Default streaming behavior

If a provider adapter does not implement native streaming, the default stream_chat() implementation wraps the chat() result as a single-chunk stream. This means you can always use stream_chat() regardless of provider -- you just may not get incremental token delivery from providers that do not support it natively.
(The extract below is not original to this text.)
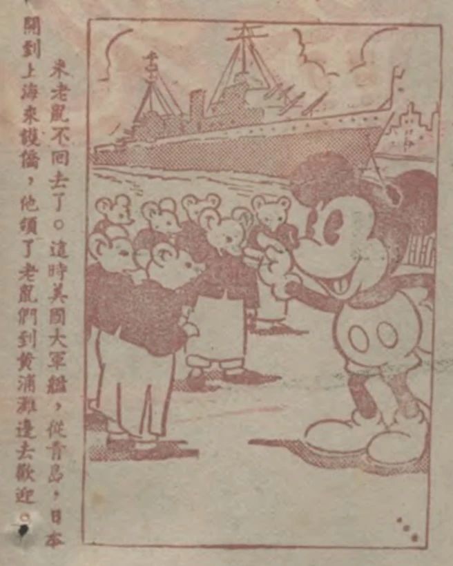 米老鼠乘了美国兵舰到了上海的黄浦滩边,正要登岸,上海的许多老鼠欢迎他。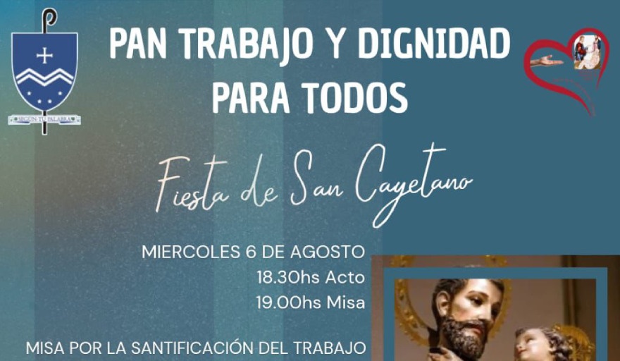 Este miércoles 6 de agosto, el Santuario San Cayetano será sede de la tradicional Fiesta de San Cayetano, bajo el lema “Pan, trabajo y dignidad para todos”. La jornada comenzará a las 18:30 con un acto y continuará a las 19:00 con la misa por la santificación del trabajo, junto a trabajadores, empresarios, sindicatos y cooperativas.

Reasoning / Extended Thinking

Many modern LLMs support a "thinking" or "reasoning" mode where the model performs chain-of-thought before producing its final answer. Synaptic exposes this through the ThinkingLevel enum and the .with_thinking() builder on ChatRequest.

ThinkingLevel

#[derive(Debug, Clone, PartialEq, Eq, Serialize, Deserialize)]
pub enum ThinkingLevel {
    Off,
    Low,
    Medium,
    High,
    Budget(u32),  // Token budget for thinking
}

Enabling reasoning on a request

use synaptic::core::{ChatRequest, Message, ThinkingLevel};

let request = ChatRequest::new(vec![Message::human("Solve this step by step")])
    .with_thinking(ThinkingLevel::High);

// Or with a specific token budget:
let request = ChatRequest::new(vec![Message::human("Complex problem")])
    .with_thinking(ThinkingLevel::Budget(4096));

Provider-specific mapping

Each provider translates ThinkingLevel into its native API parameter:

ProviderThinkingLevel mapping
OpenAIreasoning_effort: low/medium/high
Anthropicthinking.budget_tokens
Geminithinking_config.thinking_budget

Streaming reasoning content

During streaming, reasoning tokens arrive via the AIMessageChunk.reasoning field. You can also use the StreamingOutput::on_reasoning() callback to handle reasoning tokens as they arrive:

use futures::StreamExt;
use synaptic::core::{ChatModel, ChatRequest, Message, ThinkingLevel};

async fn stream_with_reasoning(model: &dyn ChatModel) -> Result<(), Box<dyn std::error::Error>> {
    let request = ChatRequest::new(vec![
        Message::human("Explain why the sky is blue, step by step"),
    ])
    .with_thinking(ThinkingLevel::High);

    let mut stream = model.stream_chat(request);

    while let Some(chunk) = stream.next().await {
        let chunk = chunk?;
        if !chunk.reasoning.is_empty() {
            eprint!("[thinking] {}", chunk.reasoning);
        }
        if !chunk.content.is_empty() {
            print!("{}", chunk.content);
        }
    }
    println!();

    Ok(())
}

When using ThinkingLevel::Off (the default), no reasoning tokens are produced and the reasoning field remains empty.